* [WORK ORDER]
Output the data below exactly, images excluded.

*** Opening DATA EXTRACT ***

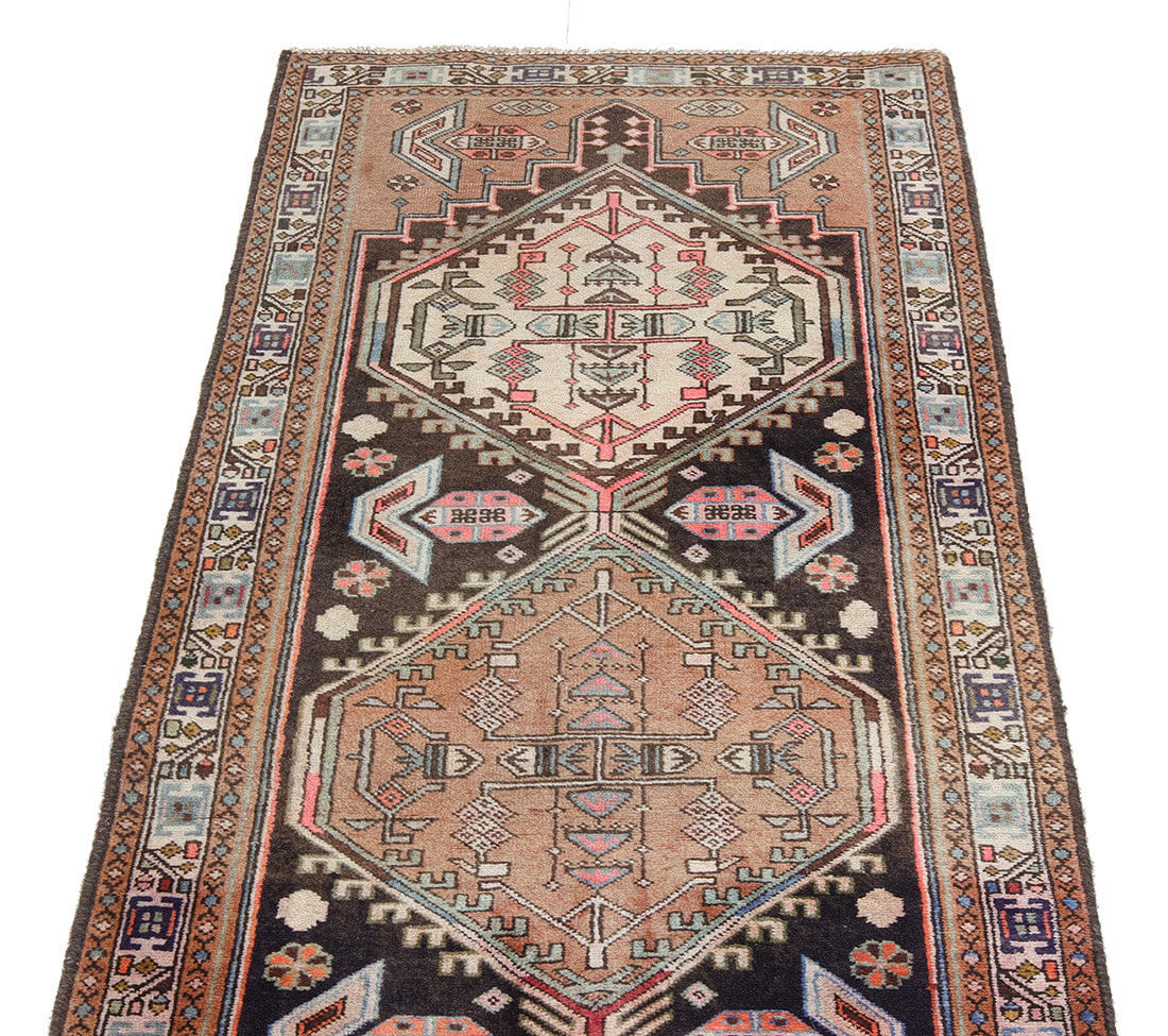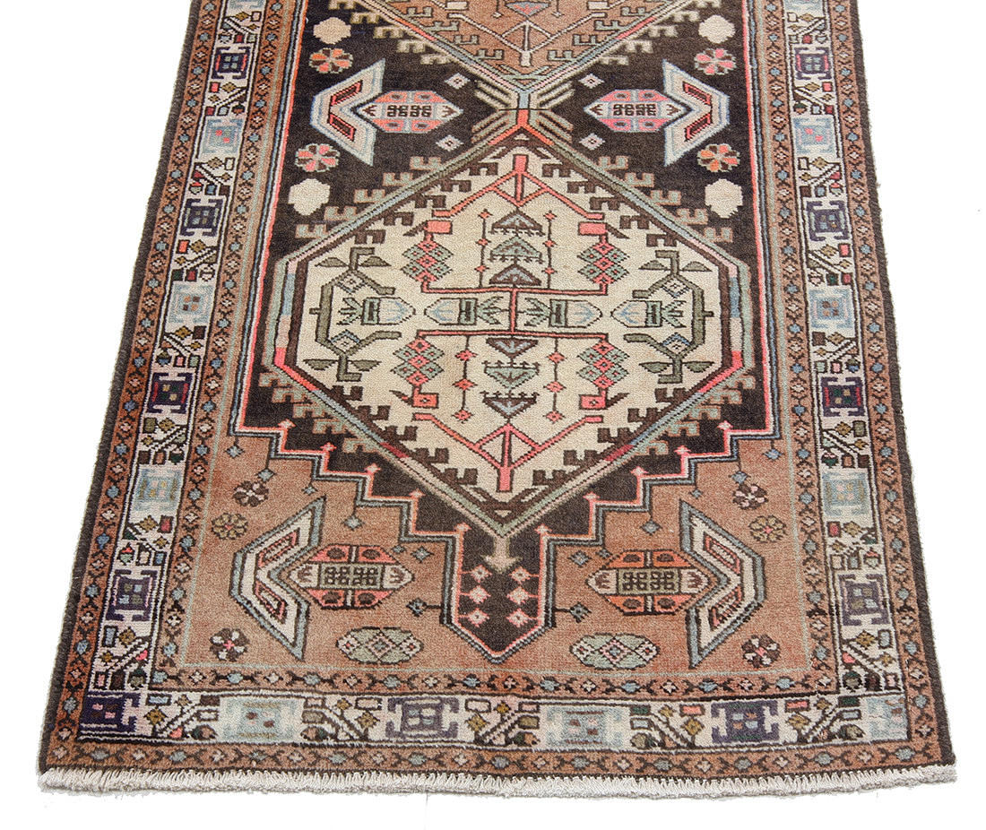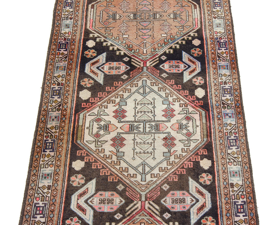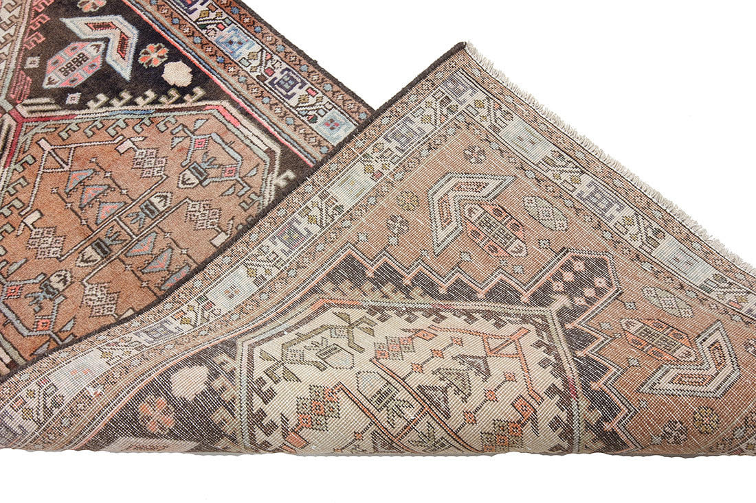 Hand-knotted Persian rug in wool on cotton warp. Geometric medallion pattern mainly in earth tones.
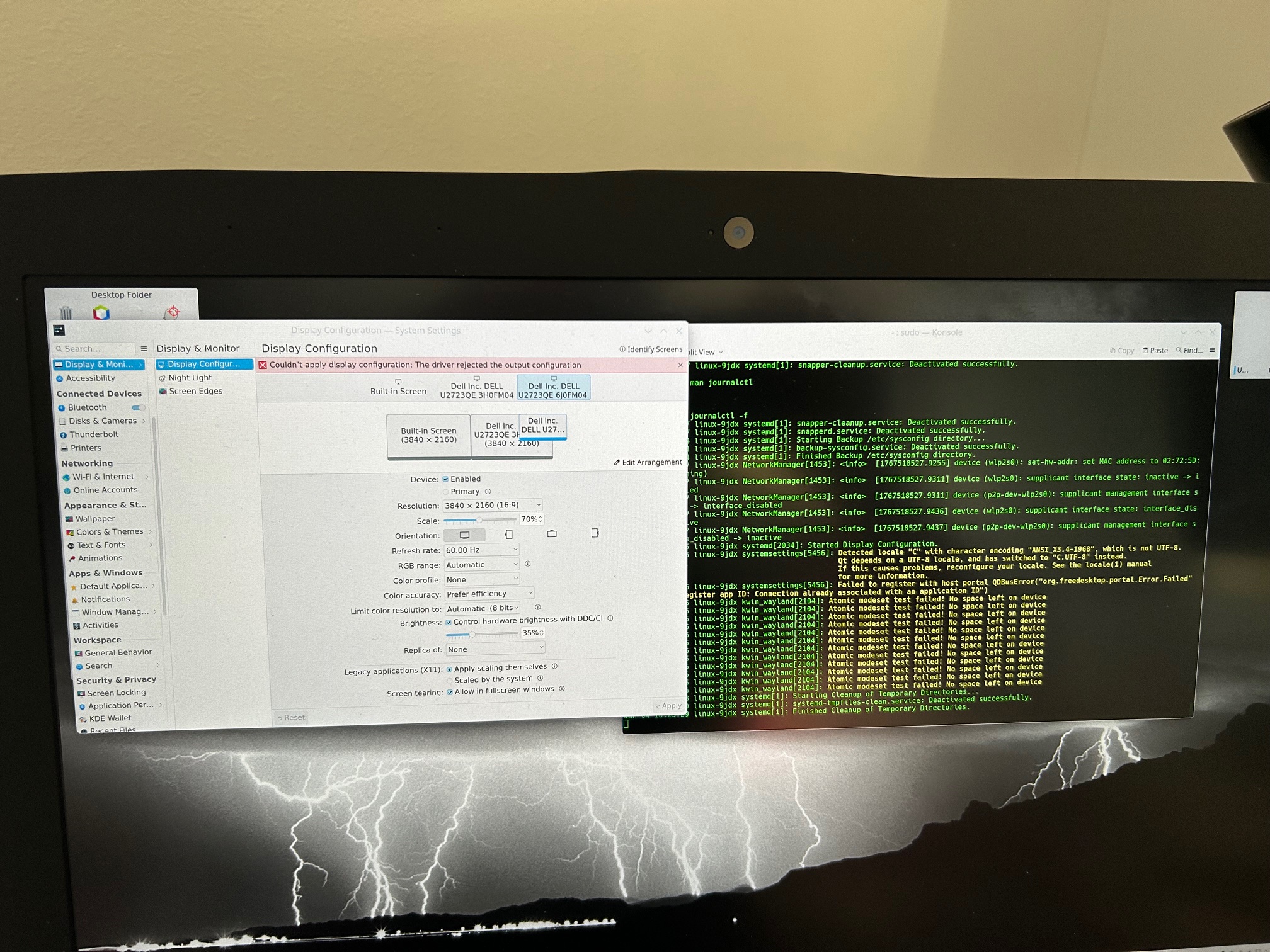 Jan 04 10:22:45 linux-9jdx kwin_wayland[2104]: Atomic modeset test failed! No space left on device
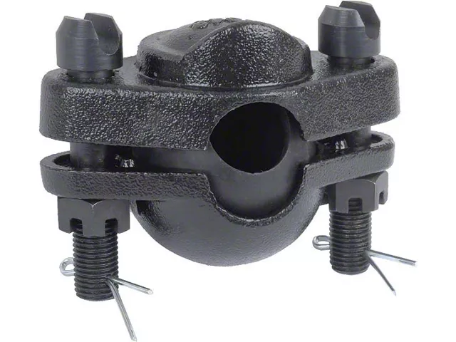 Rubber bushing replacement type compensates for worn ball, cast iron cap style. 9 Piece kit includes 2 special bolts, upper & lower caps, 2 special 7/16" castle nuts, a rubber radius ball cap bushing & cotter pins.
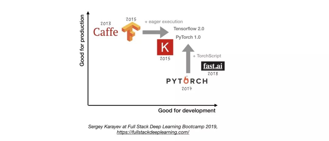 除非有充分的理由不这样做,否则请使用 TensorFlow/Keras 或 PyTorch。下图显示了不同框架在开发和 生产方面的比较。

*** Closing DATA EXTRACT ***

* [EXPECTED OUTPUT]
 Hand-knotted Persian rug in wool on cotton warp. Geometric medallion pattern mainly in earth tones.
 Jan 04 10:22:45 linux-9jdx kwin_wayland[2104]: Atomic modeset test failed! No space left on device
 Rubber bushing replacement type compensates for worn ball, cast iron cap style. 9 Piece kit includes 2 special bolts, upper & lower caps, 2 special 7/16" castle nuts, a rubber radius ball cap bushing & cotter pins.
 除非有充分的理由不这样做,否则请使用 TensorFlow/Keras 或 PyTorch。下图显示了不同框架在开发和 生产方面的比较。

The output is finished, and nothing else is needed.